[What is needed] Each line of the data must be given back verbatim, with pictures removed.

[Supplied material]

☆ ☆ ☆ ☆ ☆

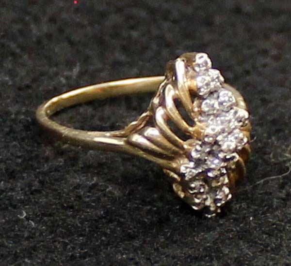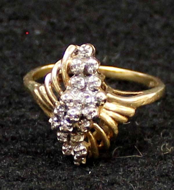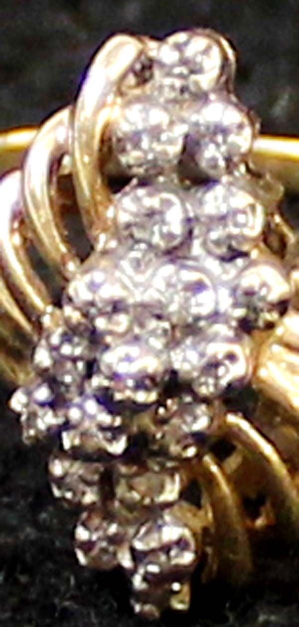 10K Gold Plate & Diamond Chip Ring, Size 7.75
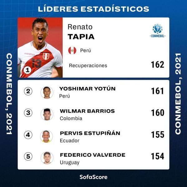 Asimismo, hay otro peruano en la lista, pues Yoshimar Yotún tiene el segundo puesto con 161 recuperaciones, siguiéndoles Wilmar Barrios con 160, Pervis Estupiñan con 155 y terminando la lista del top 5 con Federeico Valverde con 154.
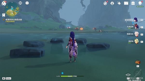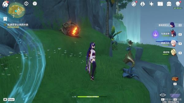 2.然后跟着水脉,沿着楼梯上山,打碎石头即可。(路上很多宝箱,老规矩,不纳入!)
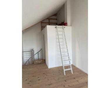 Im unteren Bereich der Wohnung befindet sich das 37m² große Wohnzimmer mit Balkonzugang und offener Küche, ein 9m² großes Arbeits-/Gästezimmer und eine Gästetoilette. Über die werthaltige Massivholz - Wendeltreppe gelangen Sie in den oberen Teil der Wohnung, welcher in der Aufteilung absolut perfekt gestaltet ist. Durch die große Fensterfront im Schlafbereich werden Sie bereits am Morgen von der Sonne begrüßt. Ein begehbarer Schrank und das Nutzen des Raumes darüber als gemütliche Bücherecke und Leseplatz dienen als Stauraum und zusätzliche Rückzugs- oder Schlafmöglichkeit. Ein großzügiges helles Wohlfühlbadezimmer lädt zum Entspannen ein Verweilen ein.

☆ ☆ ☆ ☆ ☆

[The completed task]
 10K Gold Plate & Diamond Chip Ring, Size 7.75
 Asimismo, hay otro peruano en la lista, pues Yoshimar Yotún tiene el segundo puesto con 161 recuperaciones, siguiéndoles Wilmar Barrios con 160, Pervis Estupiñan con 155 y terminando la lista del top 5 con Federeico Valverde con 154.
 2.然后跟着水脉,沿着楼梯上山,打碎石头即可。(路上很多宝箱,老规矩,不纳入!)
 Im unteren Bereich der Wohnung befindet sich das 37m² große Wohnzimmer mit Balkonzugang und offener Küche, ein 9m² großes Arbeits-/Gästezimmer und eine Gästetoilette. Über die werthaltige Massivholz - Wendeltreppe gelangen Sie in den oberen Teil der Wohnung, welcher in der Aufteilung absolut perfekt gestaltet ist. Durch die große Fensterfront im Schlafbereich werden Sie bereits am Morgen von der Sonne begrüßt. Ein begehbarer Schrank und das Nutzen des Raumes darüber als gemütliche Bücherecke und Leseplatz dienen als Stauraum und zusätzliche Rückzugs- oder Schlafmöglichkeit. Ein großzügiges helles Wohlfühlbadezimmer lädt zum Entspannen ein Verweilen ein.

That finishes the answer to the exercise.